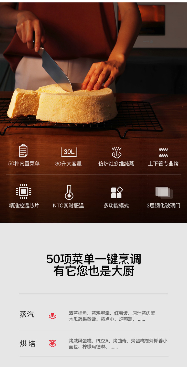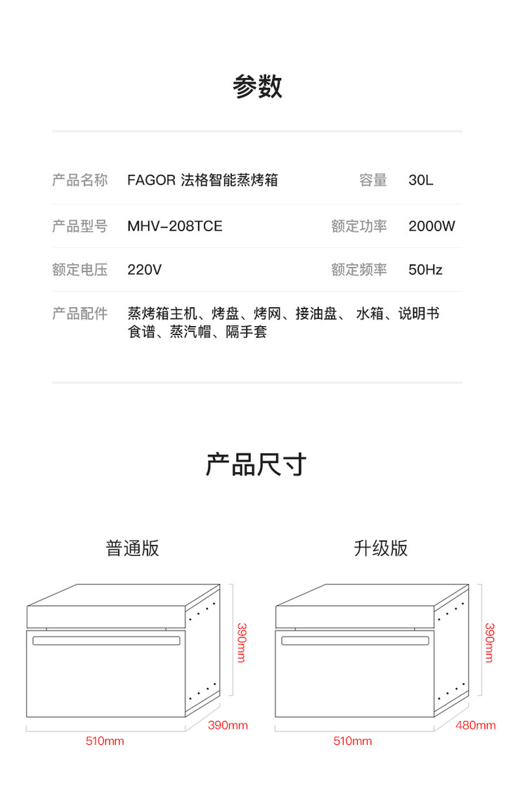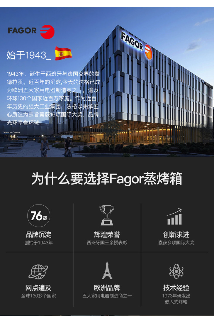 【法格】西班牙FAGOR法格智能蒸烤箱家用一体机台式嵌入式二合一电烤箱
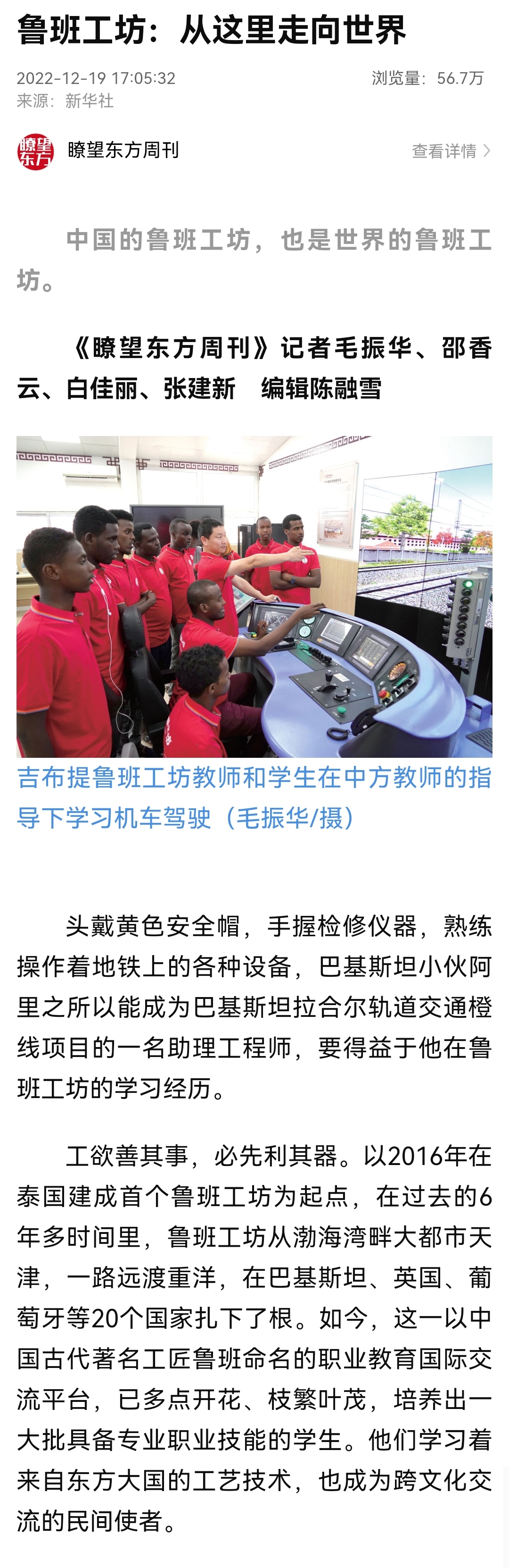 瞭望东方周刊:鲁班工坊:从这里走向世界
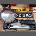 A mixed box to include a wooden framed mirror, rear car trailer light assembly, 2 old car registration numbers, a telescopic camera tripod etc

══════════════════════════════

■ Exercise brief:
Return, exactly and without extra lines, everything from the line with "瞭望东方周刊:鲁班工坊:从这里走向世界" through the last line of the material above, both included. Pictures must be dropped.

■ Solution for this exercise:
 瞭望东方周刊:鲁班工坊:从这里走向世界
 A mixed box to include a wooden framed mirror, rear car trailer light assembly, 2 old car registration numbers, a telescopic camera tripod etc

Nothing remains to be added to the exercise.